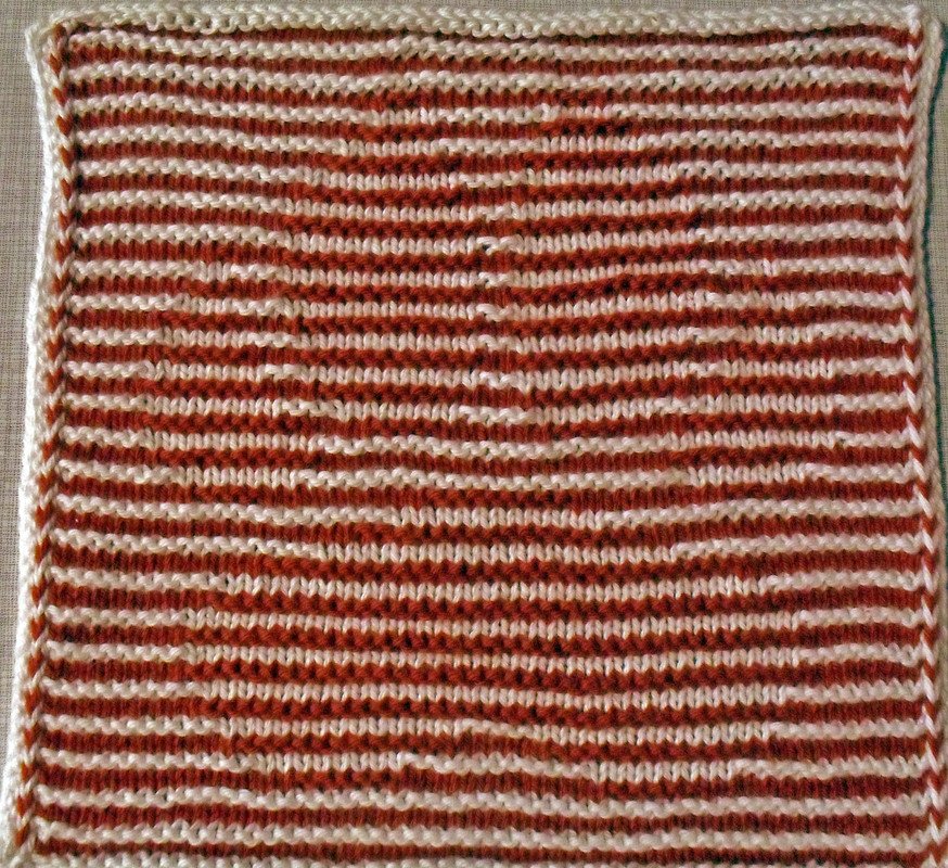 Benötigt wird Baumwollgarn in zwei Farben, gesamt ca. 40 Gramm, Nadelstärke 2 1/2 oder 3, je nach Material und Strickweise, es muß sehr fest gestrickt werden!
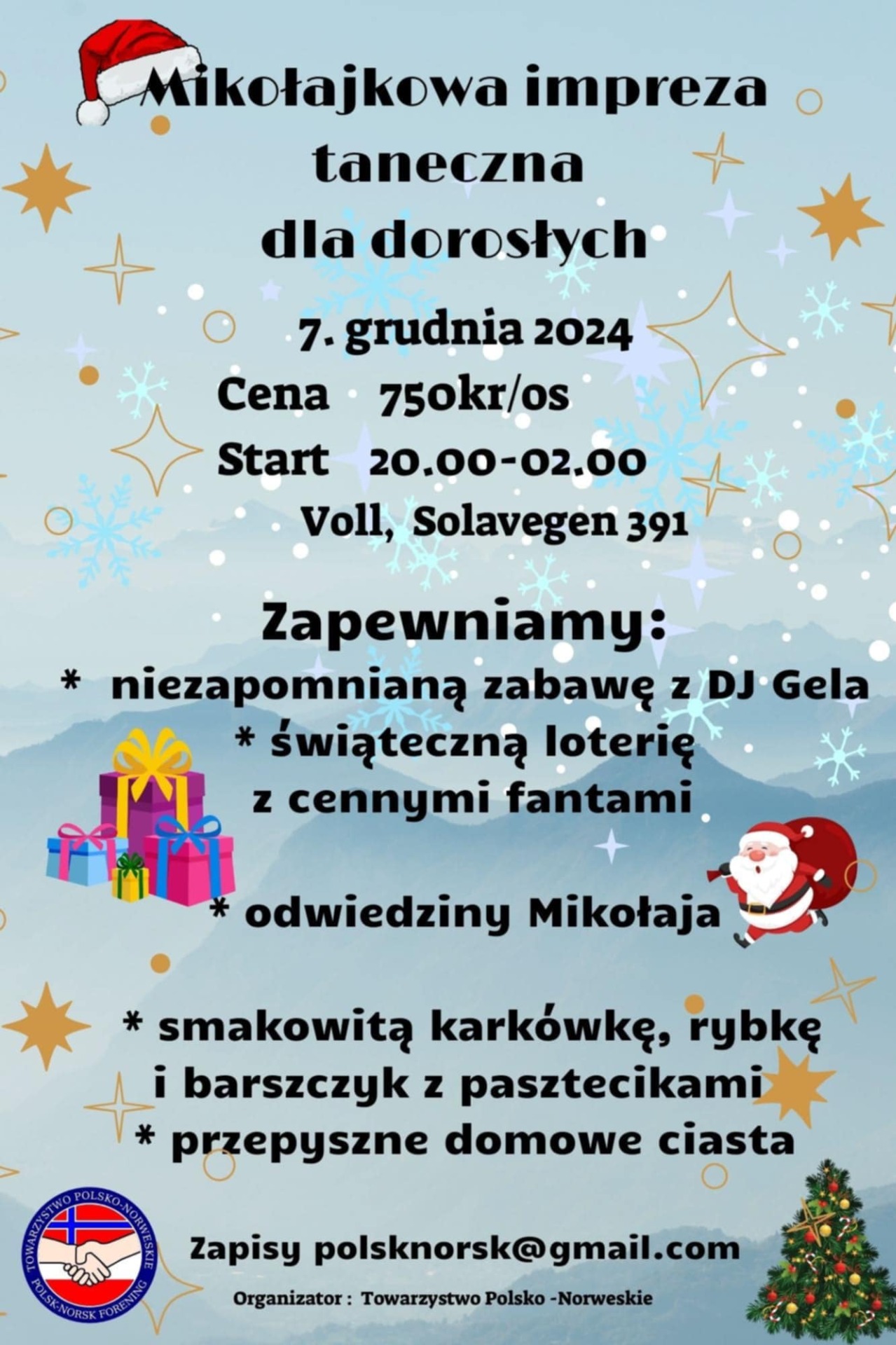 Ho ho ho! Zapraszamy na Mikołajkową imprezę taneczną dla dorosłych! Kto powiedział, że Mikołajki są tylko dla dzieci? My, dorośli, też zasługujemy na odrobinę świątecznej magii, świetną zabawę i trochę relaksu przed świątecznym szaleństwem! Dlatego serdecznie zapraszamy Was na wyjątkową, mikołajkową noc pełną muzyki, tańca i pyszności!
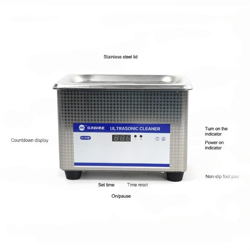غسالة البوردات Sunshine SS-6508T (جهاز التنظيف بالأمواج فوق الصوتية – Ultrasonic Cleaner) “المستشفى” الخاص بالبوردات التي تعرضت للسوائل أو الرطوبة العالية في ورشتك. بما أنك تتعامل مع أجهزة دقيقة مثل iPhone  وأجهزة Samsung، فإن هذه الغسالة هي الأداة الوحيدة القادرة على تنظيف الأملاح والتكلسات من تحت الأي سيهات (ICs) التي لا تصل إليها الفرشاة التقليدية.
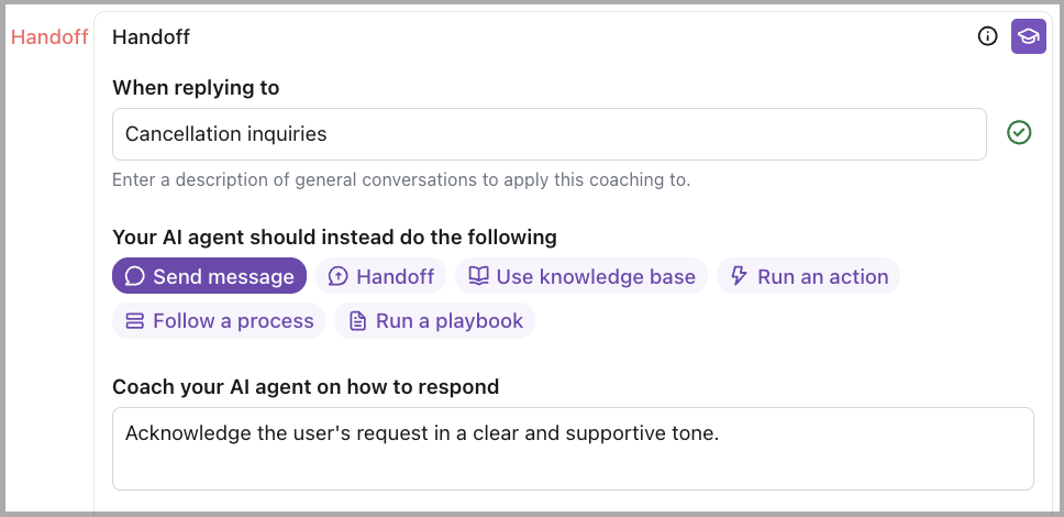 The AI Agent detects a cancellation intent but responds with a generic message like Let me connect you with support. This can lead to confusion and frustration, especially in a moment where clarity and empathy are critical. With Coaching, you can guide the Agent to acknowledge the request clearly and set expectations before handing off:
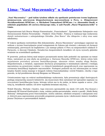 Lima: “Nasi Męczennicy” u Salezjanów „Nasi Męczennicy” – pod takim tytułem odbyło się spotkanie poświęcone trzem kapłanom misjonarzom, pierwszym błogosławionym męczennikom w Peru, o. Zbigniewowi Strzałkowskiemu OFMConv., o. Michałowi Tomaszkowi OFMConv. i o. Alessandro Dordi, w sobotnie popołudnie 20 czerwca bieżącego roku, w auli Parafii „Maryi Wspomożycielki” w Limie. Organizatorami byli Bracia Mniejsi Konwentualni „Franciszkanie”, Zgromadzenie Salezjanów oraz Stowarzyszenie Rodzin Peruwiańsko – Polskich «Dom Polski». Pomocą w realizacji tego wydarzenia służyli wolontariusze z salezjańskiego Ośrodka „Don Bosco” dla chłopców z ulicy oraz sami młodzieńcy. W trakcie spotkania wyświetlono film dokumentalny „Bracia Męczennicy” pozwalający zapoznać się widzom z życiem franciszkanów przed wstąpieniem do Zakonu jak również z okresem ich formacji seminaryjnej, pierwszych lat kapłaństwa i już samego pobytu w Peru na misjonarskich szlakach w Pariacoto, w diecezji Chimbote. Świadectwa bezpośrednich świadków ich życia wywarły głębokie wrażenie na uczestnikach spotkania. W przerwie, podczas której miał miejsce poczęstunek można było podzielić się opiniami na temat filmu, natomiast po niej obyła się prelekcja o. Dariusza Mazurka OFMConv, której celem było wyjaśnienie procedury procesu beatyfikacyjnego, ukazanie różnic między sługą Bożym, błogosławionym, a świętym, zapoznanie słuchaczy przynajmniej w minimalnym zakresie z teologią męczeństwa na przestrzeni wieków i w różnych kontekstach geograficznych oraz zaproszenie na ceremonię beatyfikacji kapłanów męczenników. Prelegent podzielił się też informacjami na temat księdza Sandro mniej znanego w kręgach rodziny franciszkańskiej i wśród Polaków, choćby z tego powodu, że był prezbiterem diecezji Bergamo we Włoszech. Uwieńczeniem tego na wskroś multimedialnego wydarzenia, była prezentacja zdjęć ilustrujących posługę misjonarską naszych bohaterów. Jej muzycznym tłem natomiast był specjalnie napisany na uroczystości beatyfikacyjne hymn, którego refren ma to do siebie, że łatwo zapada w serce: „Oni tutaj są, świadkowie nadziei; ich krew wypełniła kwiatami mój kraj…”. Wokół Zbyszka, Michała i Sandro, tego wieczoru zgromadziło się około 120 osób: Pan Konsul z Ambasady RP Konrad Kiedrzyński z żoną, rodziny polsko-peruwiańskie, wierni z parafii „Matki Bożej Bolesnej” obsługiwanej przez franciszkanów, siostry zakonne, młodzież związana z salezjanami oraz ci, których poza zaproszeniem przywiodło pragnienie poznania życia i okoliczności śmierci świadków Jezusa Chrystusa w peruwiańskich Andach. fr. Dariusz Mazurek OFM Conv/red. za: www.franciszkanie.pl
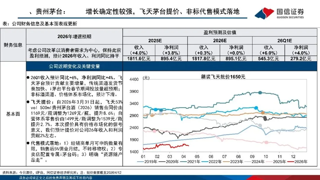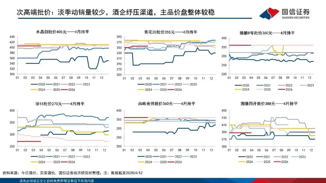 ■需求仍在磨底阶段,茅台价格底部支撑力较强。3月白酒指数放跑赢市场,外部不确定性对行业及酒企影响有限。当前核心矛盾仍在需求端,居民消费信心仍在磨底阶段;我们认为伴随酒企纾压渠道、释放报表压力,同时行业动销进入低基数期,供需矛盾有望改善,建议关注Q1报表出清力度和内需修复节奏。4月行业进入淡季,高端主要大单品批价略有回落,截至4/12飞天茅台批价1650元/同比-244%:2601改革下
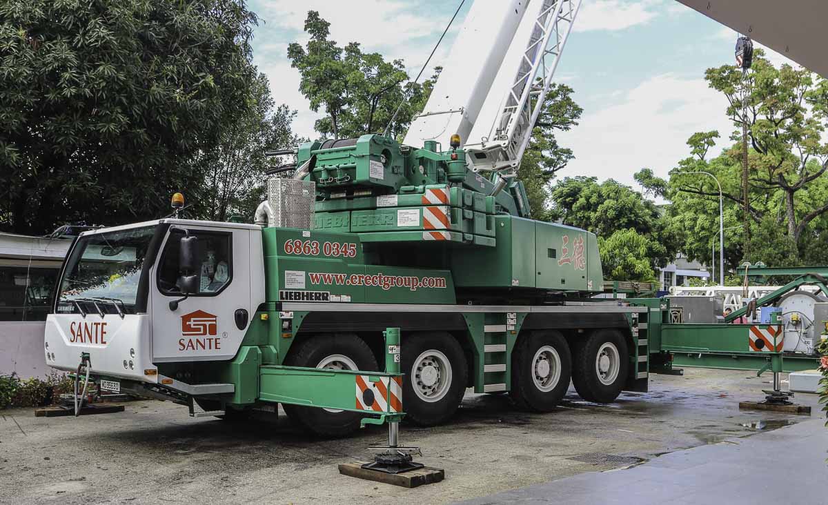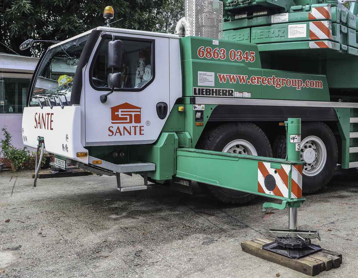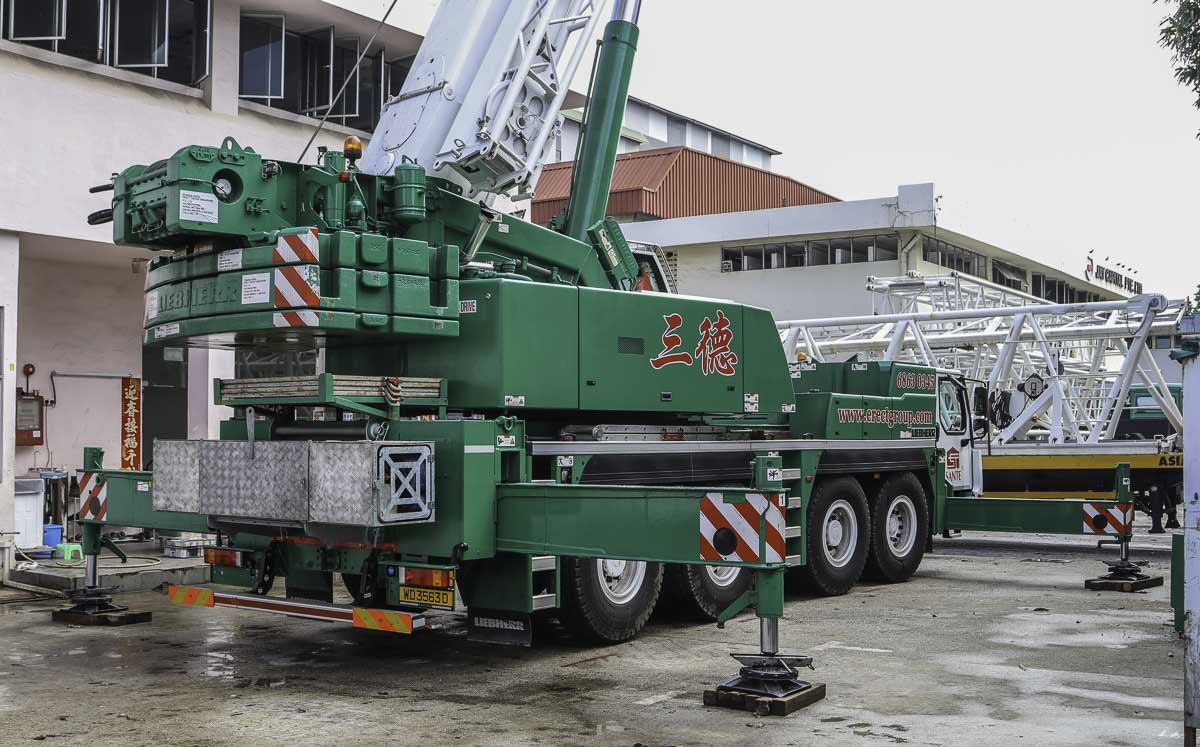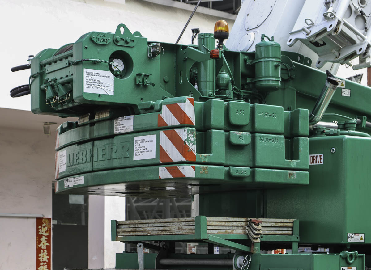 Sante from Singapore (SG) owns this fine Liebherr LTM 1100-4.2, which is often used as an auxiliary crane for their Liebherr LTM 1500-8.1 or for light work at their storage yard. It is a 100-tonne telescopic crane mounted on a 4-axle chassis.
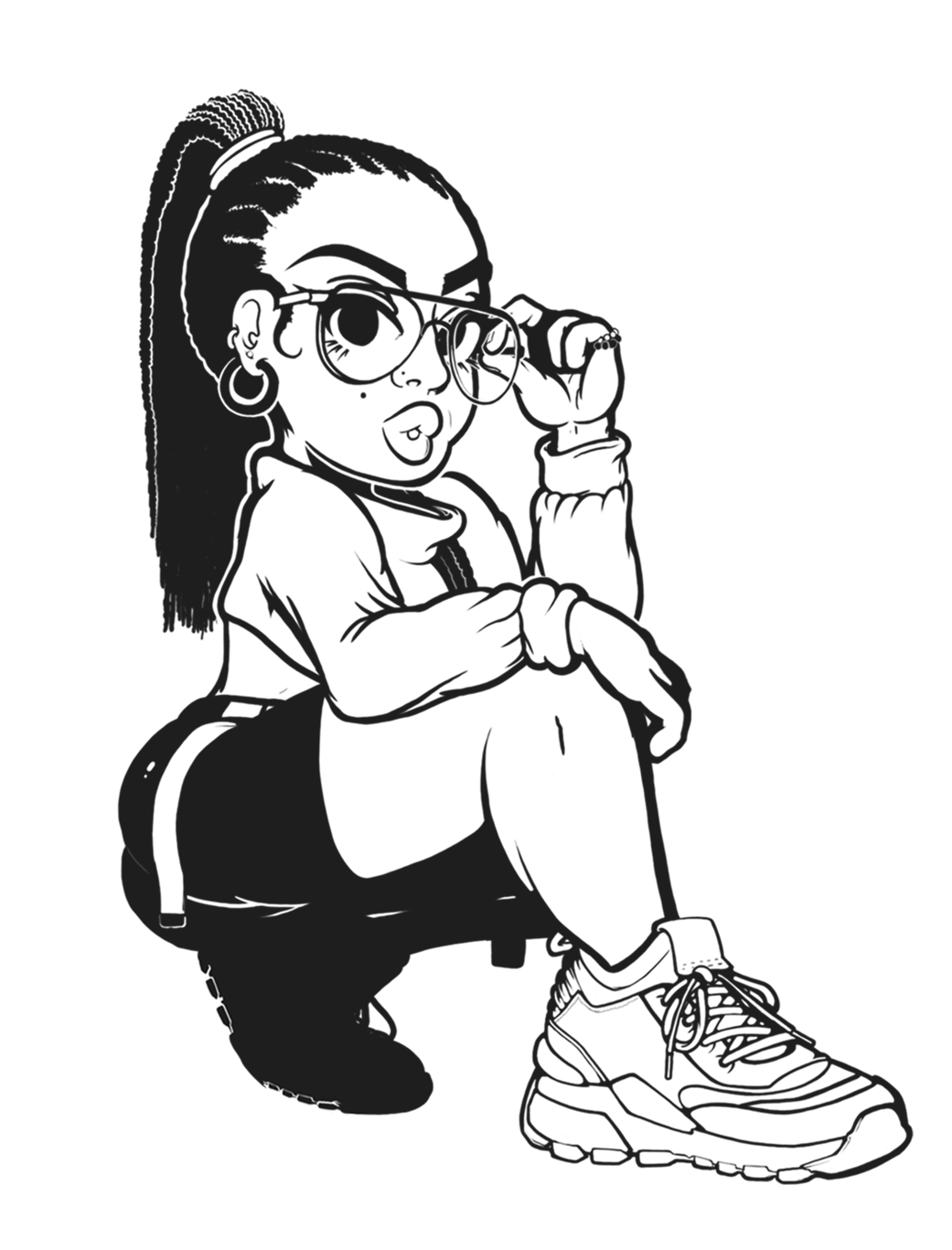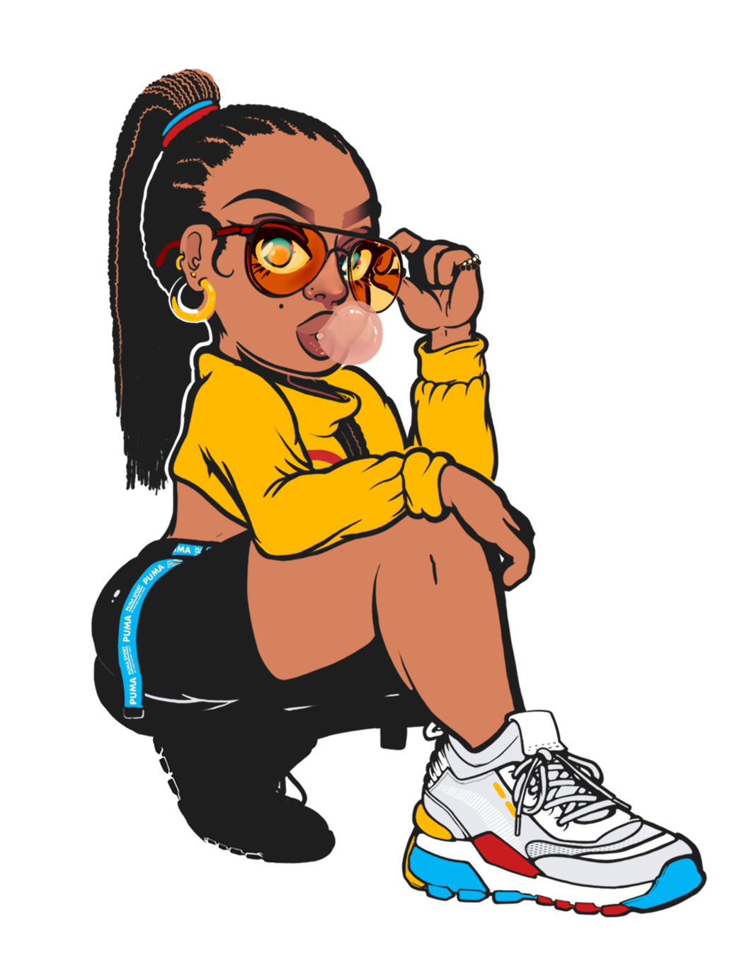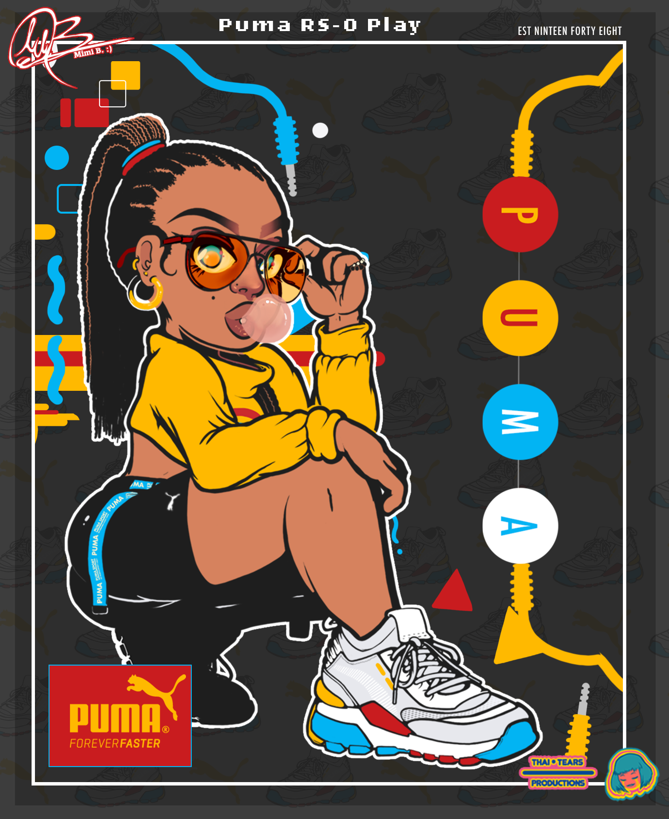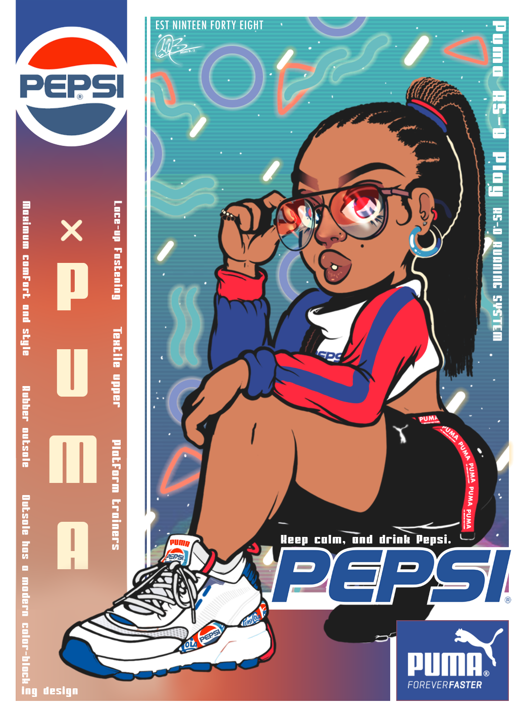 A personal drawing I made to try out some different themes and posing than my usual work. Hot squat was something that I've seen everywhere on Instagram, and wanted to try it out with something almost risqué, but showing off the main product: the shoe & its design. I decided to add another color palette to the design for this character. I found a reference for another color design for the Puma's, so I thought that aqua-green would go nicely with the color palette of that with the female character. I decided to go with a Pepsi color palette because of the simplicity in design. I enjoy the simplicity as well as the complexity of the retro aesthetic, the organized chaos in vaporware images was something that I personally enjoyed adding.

▶ Problem description
Every line above in the stretch from the one with "غسالة البوردات Sunshine" through the one with "The AI Agent" is to be transcribed exactly, ends included. No picture is copied.

▶ Written answer
غسالة البوردات Sunshine SS-6508T (جهاز التنظيف بالأمواج فوق الصوتية – Ultrasonic Cleaner) “المستشفى” الخاص بالبوردات التي تعرضت للسوائل أو الرطوبة العالية في ورشتك. بما أنك تتعامل مع أجهزة دقيقة مثل iPhone  وأجهزة Samsung، فإن هذه الغسالة هي الأداة الوحيدة القادرة على تنظيف الأملاح والتكلسات من تحت الأي سيهات (ICs) التي لا تصل إليها الفرشاة التقليدية.
 The AI Agent detects a cancellation intent but responds with a generic message like Let me connect you with support. This can lead to confusion and frustration, especially in a moment where clarity and empathy are critical. With Coaching, you can guide the Agent to acknowledge the request clearly and set expectations before handing off:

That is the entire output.